Pro Bono Publico

25 May 2007



EU Caps Mobile Phone Roaming Charges

As a general rule, the free market is the best way to establish prices for goods and services. The more a market represents the textbook ideal of a market, the less need there is for government intervention. However, when a flawed market fails to deliver, government action is appropriate. So, the telecoms screaming about the recent decision from the European Parliament to cap roaming charges inside the EU are being disingenuous at best. They don’t operate in a free market to begin with, and their roaming charges actually harmed other sectors of the European economy.

Roaming charges are those extra fees Americans no longer pay to make a cell phone call from one end of the US to the other. In the EU, Jan Sliva of the Associated Press reported, “A four-minute call to Kehl, a German town across the river from Strasbourg, would cost a traveler $5.38 although the distance is just several miles. A similar call made within France over a much larger distance could cost just a few cents. A Maltese calling home from Latvia can end up paying as much as $15.19 for a four-minute conversation.” European telecoms make anywhere from 10-18% of their revenue from this type of charge.

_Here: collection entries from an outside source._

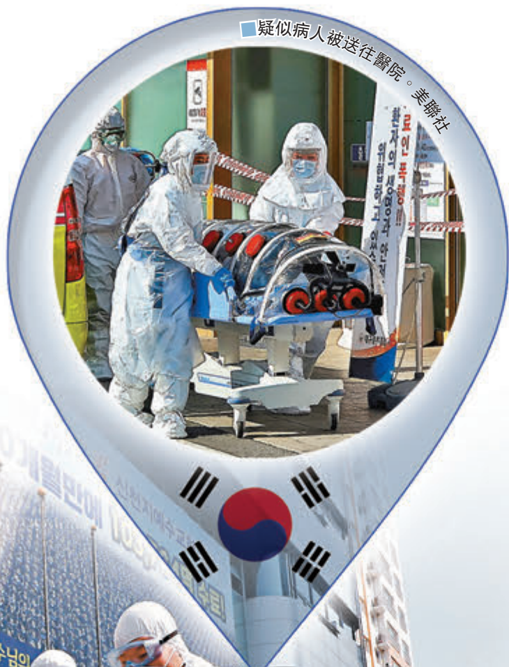
疑似病人被送往醫院。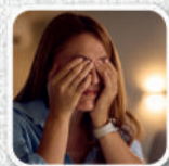
Dor atrás dos olhos

Se persistirem os sintomas procure a Unidade de Saúde da Família (USF) mais próxima.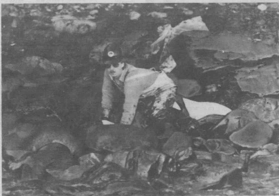
VALDEZ (Alasca) — Elementos das equipas de limpeza numa praia coberta de petróleo derramado pelo petroleiro da Exxon.

Os interessados podem obter mais informações e solicitar o Regulamento nos Serviços Regionais do Instituto da Juventude, em Aveiro, na Av. 25 de Abril, 24 - r/c; ou pelo telefone 28625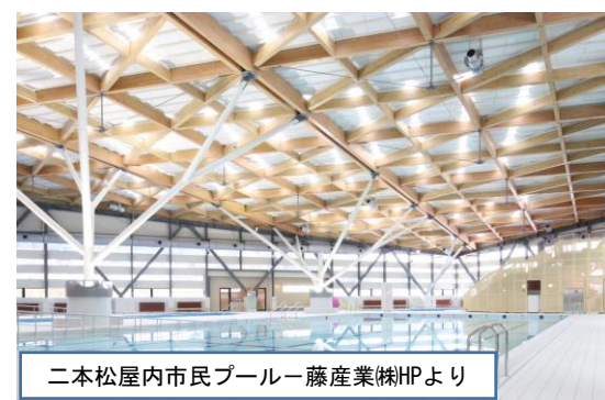
二本松屋内市民プール-藤産業(株)HPより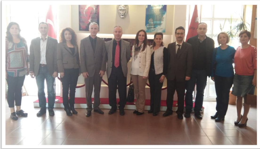
Resim 1: Stratejik Plan Ekibi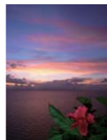
『癒しを求めて』 西柳 茂樹さん(鹿屋市)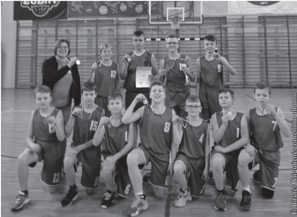
Bronzos medalių laimėtojai

komandomis. Dalyvavimas turnyruose ir varžybose suteikia galimybę išgyventi pergalės jausmą, bet ir moko oriai priimti nesėkmes, pralaimėti, po to vėl dirbti ir tobulėti. Žodžiu, moko gyvenimo. Tai yra vaikų ir jaunimo auklėjimo forma.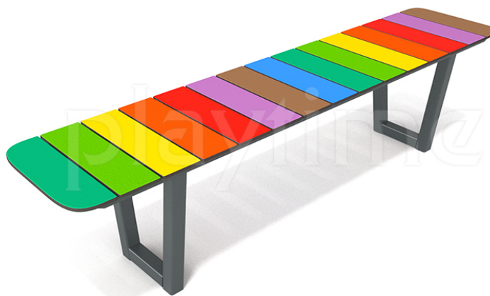
Widok z boku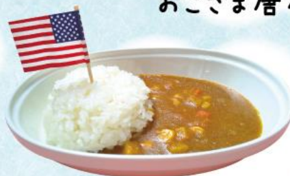
おこさまカレー 440円(税込484円)

The EU Parliament decided that was excessive. Starting this summer, the retail roaming fee cap will be €0.49 (US$0.66) per minute for making a call when abroad and €0.24 (US $0.33) per minute for receiving one, plus value-added tax. By 2009, these caps will drop farther, to €0.43 (US$0.58) for making calls abroad and €0.19 (US$0.26) for receiving them. The caps sunset after that, and unless the EU parliament decides to extend the rules, by 2010, the telecoms can charge whatever they like again.

David Pringle, spokesman for the GSM Association of Europe’s mobile phone operators, made the usual industry noises, “These price caps leave very little room for competition, for innovation, they will harm this market. Also, it’ll be difficult to implement the changes in the time frame they’re envisioning.” Markets require many participants, a homogeneous product, low barriers to entry and full disclosure of information throughout the market. The European market for mobile phones isn’t even close to that, and it never can be. Only a few providers have government licenses; the airwaves can’t carry an unlimited number of carriers because the spectrum available is finite. Barriers to entry are huge because cell phone towers don’t cover more than a few square kilometers so one must put up a huge number at no small cost. And various plans and handsets result in differentiated products. Full disclosure is a problem for every market.

On the positive side, some analysts believe that the telecoms will wind up richer as more people make more calls since the price will be lower (roaming charges may inhibit maximizatin of revenues through optimum pricing). Even if they don’t recoup their full revenues, Europe as a whole will be better off because communications is a basic of the modern economy. When its price drops, it acts as an accelerant to the rest of the economy; it would be just the reverse of rising gasoline prices, which slow economic activity. What will be interesting is to see whether 2010 brings a hike in roaming costs, or if the European telecoms will discover what their American counterparts did, that roaming charges are counter-productive to their own cause.